# horncliffe mansion and jag graveyard



## urbexmodel (Jun 21, 2013)

Brief history:- Horncliffe Mansion was once one of the finest houses in the region constructed in 1869. The property was originally built as a private dwelling for Mr Henry Hoyle Hardman, local mill owner and business man. In recent times the property has been used as a wedding venue and restaurant. The grade II listed property has become derelict and requires a comprehesive scheme of renovation.

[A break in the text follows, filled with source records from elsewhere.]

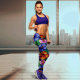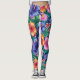 A bold, maximalist tropical floral print with big purple, orange, and pink blooms on a dark blue background covers these vibrant leggings.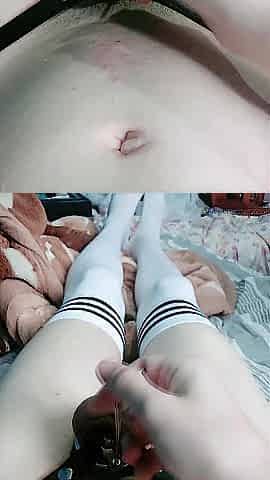 Cute Femboy in ripped hose puts toys in butt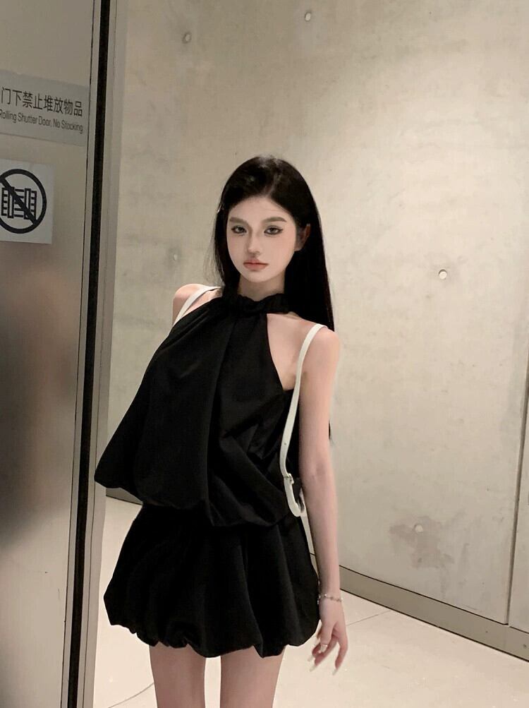 ホット純粋な欲望ホルターネックトップストリートスーツスカート小柄ハーフレングスショートスカート女性の夏のファッションツーピースセット サマー 夏物 ピュア nana7730512740 | modepoisson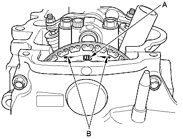 2. Set the No. 1 piston at top dead center (TDC). The "UP" mark (A) on the camshaft sprocket should be at the top, and the TDC grooves (B) on the camshaft sprocket should line up with the top edge of the head.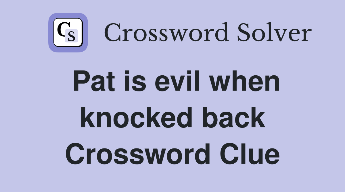 Pat is evil when knocked back Crossword Clue Answers Crossword Solver

Had a quick look round, the house is falling to bits so didnt spend long inside. Jag graveyard is interesting though


----------



## Neverwillchange (Jun 21, 2013)

Great pictures and report.


----------



## frizman (Jun 21, 2013)

I love the look of this place. Its only about 1/2 a mile from one of works storage yards. Must get there before they do something with it.. Did you not see the cars???


----------



## ZerO81 (Jun 22, 2013)

Well, that place is 110% fooked now!

Glad I went when it was 'relatively' in one piece.




frizman said:


> Did you not see the cars???



Car shots are not allowed on DP, so they have been removed from the post by one of the admin chaps/chapesses.


----------



## urbexmodel (Jun 22, 2013)

yeah the cars are there not allowed to post them they been removed


----------



## Lucky Pants (Jun 22, 2013)

Not much to see now by the looks of it, pitty . Nice update on the place thanks


----------